▶ [Task statement]:
Leave out every picture and set down, exactly, the lines below from the one holding "cruelty-free by PETA" up to and including the one holding "2025年9月16日,人工智".

▶ [Recorded information]:

--- START ---

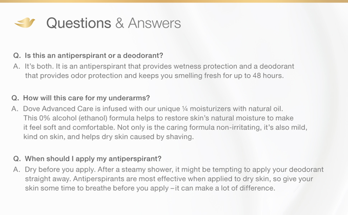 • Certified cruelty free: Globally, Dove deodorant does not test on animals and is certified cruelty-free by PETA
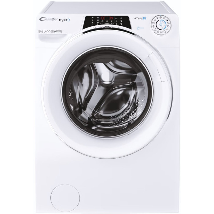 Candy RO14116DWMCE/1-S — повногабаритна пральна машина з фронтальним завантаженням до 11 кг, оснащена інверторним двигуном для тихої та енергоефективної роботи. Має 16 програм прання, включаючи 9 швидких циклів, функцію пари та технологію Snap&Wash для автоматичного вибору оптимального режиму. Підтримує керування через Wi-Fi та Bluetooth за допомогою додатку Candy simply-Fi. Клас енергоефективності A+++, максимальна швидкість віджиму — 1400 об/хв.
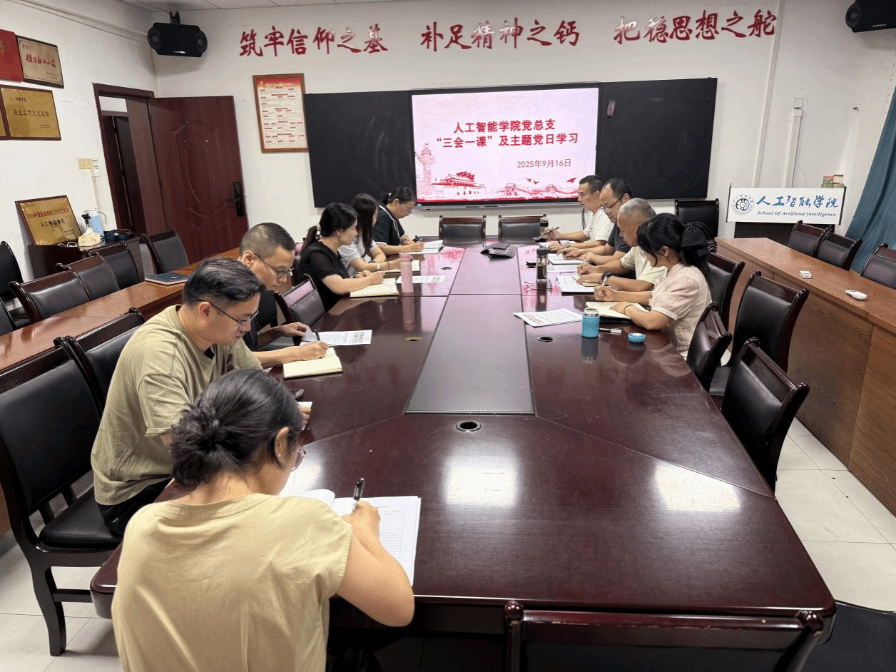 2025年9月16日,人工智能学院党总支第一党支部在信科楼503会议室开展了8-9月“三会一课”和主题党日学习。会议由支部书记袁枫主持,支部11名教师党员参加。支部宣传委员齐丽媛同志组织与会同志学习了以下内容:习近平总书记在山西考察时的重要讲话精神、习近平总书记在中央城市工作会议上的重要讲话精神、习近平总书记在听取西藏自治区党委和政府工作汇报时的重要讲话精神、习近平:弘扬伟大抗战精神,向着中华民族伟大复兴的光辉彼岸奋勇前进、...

--- END ---
--- START ---

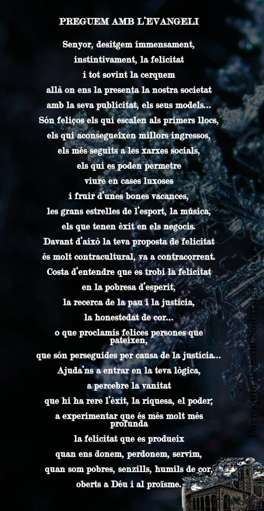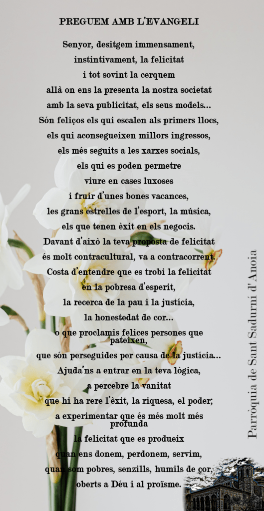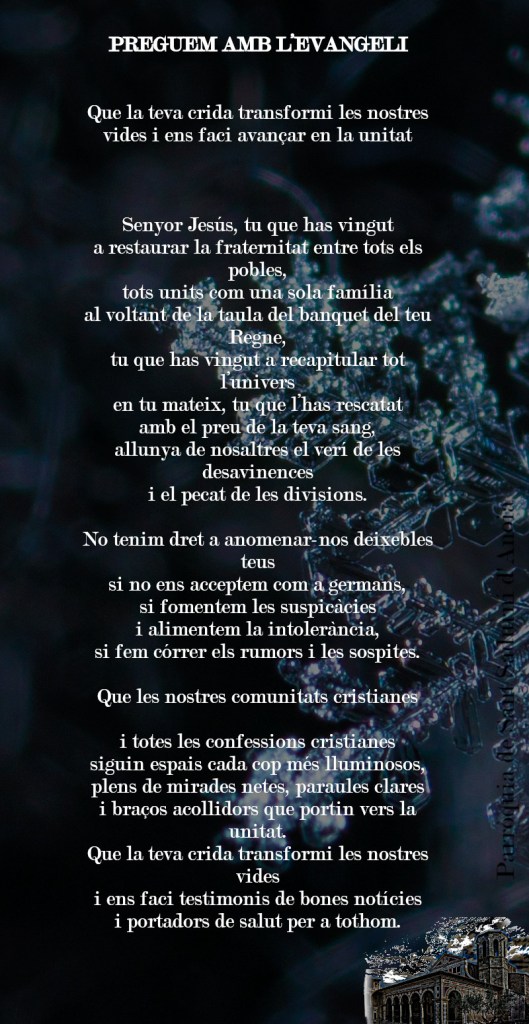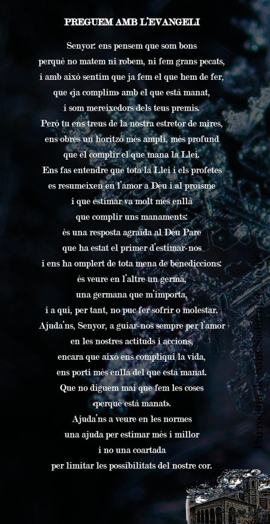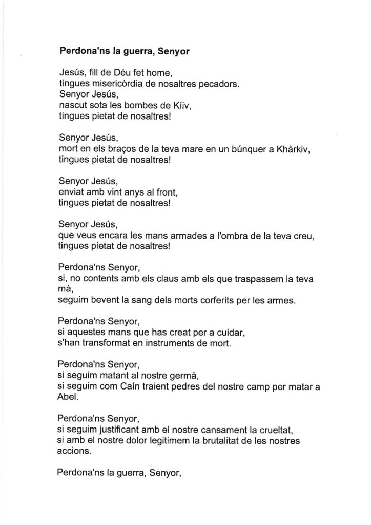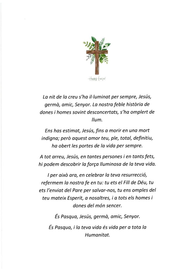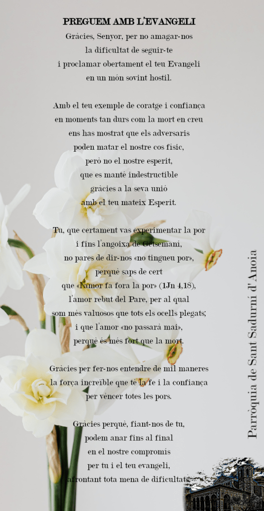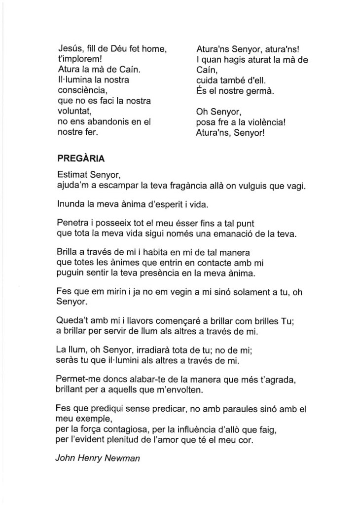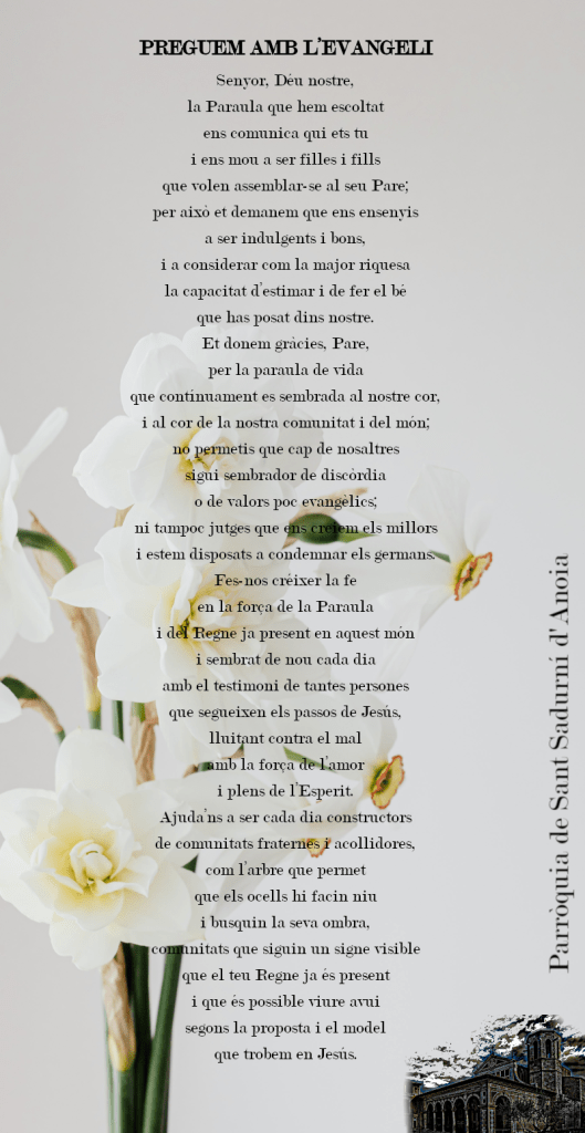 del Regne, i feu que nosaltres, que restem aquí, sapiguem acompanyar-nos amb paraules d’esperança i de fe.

--- END ---

▶ [Response to this task]:
 • Certified cruelty free: Globally, Dove deodorant does not test on animals and is certified cruelty-free by PETA
 Candy RO14116DWMCE/1-S — повногабаритна пральна машина з фронтальним завантаженням до 11 кг, оснащена інверторним двигуном для тихої та енергоефективної роботи. Має 16 програм прання, включаючи 9 швидких циклів, функцію пари та технологію Snap&Wash для автоматичного вибору оптимального режиму. Підтримує керування через Wi-Fi та Bluetooth за допомогою додатку Candy simply-Fi. Клас енергоефективності A+++, максимальна швидкість віджиму — 1400 об/хв.
 2025年9月16日,人工智能学院党总支第一党支部在信科楼503会议室开展了8-9月“三会一课”和主题党日学习。会议由支部书记袁枫主持,支部11名教师党员参加。支部宣传委员齐丽媛同志组织与会同志学习了以下内容:习近平总书记在山西考察时的重要讲话精神、习近平总书记在中央城市工作会议上的重要讲话精神、习近平总书记在听取西藏自治区党委和政府工作汇报时的重要讲话精神、习近平:弘扬伟大抗战精神,向着中华民族伟大复兴的光辉彼岸奋勇前进、...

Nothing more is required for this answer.